Sweeping Plaques From Brain Studied as Alzheimer's Strategy
Abstract
Enormous efforts have been expended in the search to discover an effective treatment for Alzheimer's disease that involves inhibiting the production of plaques in the brain- that is, by targeting the enzymes that make amyloid protein. But all of the candidate drugs that once showed promise have proven disappointing in clinical trials.
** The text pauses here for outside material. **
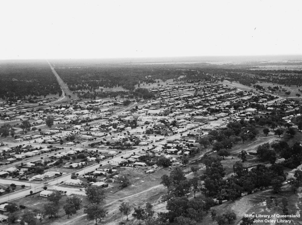 Aerial view of Charleville, 1947. Aerial view of Charleville, Queensland, taken in 1947, with the Warrego River visible in the background.
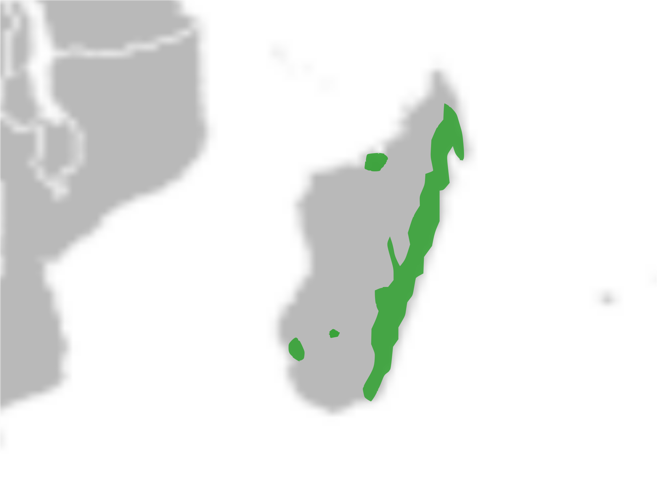 A distribution map showing the lowland forrest of Madagascar where G. portentosa is supposed to live. The map also shows where G. portentosa has been observed on the Island. Original author for blank SVG map: Frank Bennett Made with Inkscape

Therefore another tack for treating the disease may be needed- for example, the removal of plaques from the brain after they have already formed. Indeed, scientists at Rockefeller University have found a molecule that can do just that- at least in cultured rodent neurons.
The senior investigator was Paul Greengard, Ph.D., a professor and head of the Laboratory of Molecular and Cellular Neuroscience at Rockefeller University and a Nobel laureate in medicine. The lead investigator was Yuan Tian, Ph.D., a post-doctoral associate in Greengard's laboratory. Their findings were published online March 2 in the FASEB Journal, a publication of the Federation of American Societies for Experimental Biology.
Cells contain a pathway for degrading long-lived, aggregated proteins in a process called autophagy. So Greengard and his colleagues wondered whether the artificial induction of autophagy might be used to remove from the brain the proteins of which Alzheimer's plaques are made.
They tested various small-molecule enhancers of autophagy on cultured rodent neurons containing clumps of amyloid protein and found that one -SMER28- was successful in removing the clumps.
"At this point it is not clear if SMER28 is appropriate for animal studies [because of issues surrounding] bioavailability and brain permeability, but we would like to test its impact using animal models," Greengard told Psychiatric News. Regarding human clinical trials with SMER28, "it is too early to predict" whether they will be possible, he said.
A cell's autophagy process attacks a protein from which Alzheimer's plaques are made.
In any event, Greengard and his colleagues believe that their cell-culture success with SMER28 points to the potential of small-molecule enhancers of autophagy as effective treatments for Alzheimer's.
Gerald Weissmann, M.D., editor-in-chief of the FASEB Journal, pointed out in an accompanying press release, "Autophagy has been called the cell's equivalent of urban renewal. The Rockefeller group shows that strategies to remove the blight in cells that causes Alzheimer's disease are not only worth pursuing, but so far appear to be very promising."
Autophagy enhancers may hold treatment promise for some other neurodegenerative diseases as well, Greengard and his colleagues noted. For example, some small-molecule autophagy enhancers have been found to degrade, in cell culture, aggregates of mutant huntingtin proteins, the hallmark of Huntington's disease. And even more intriguingly, when mice were fed an autophagy enhancer called rapamycin, it extended their lifespan by about 10 percent, David Harrison, Ph.D., a professor at Jackson Laboratory in Bar Harbor, Maine, and colleagues reported in the July 16, 2009, Nature.
"SMER28 stands for 'small-molecule-enhancer-of-rapamycin-28,' but it really has nothing to do with the actual rapamycin molecule," Greengard explained to Psychiatric News. "It is called that because it was initially discovered as an enhancer of the effect of rapamycin to stimulate autophagy. In fact, we now know that SMER28 works through a pathway independent of rapamycin."
The research was funded by the National Institutes of Health and the Fisher Center for Alzheimer's Research Foundation.
An abstract of "A Small-Molecule Enhancer of Autophagy Decreases Levels of Amyloid Beta and APP-CTF Via Atg5-Dependent Autophagy Pathway" is posted at <www.fasebj.org/content/early/2011/03/02/fj.10-175158.abstract>.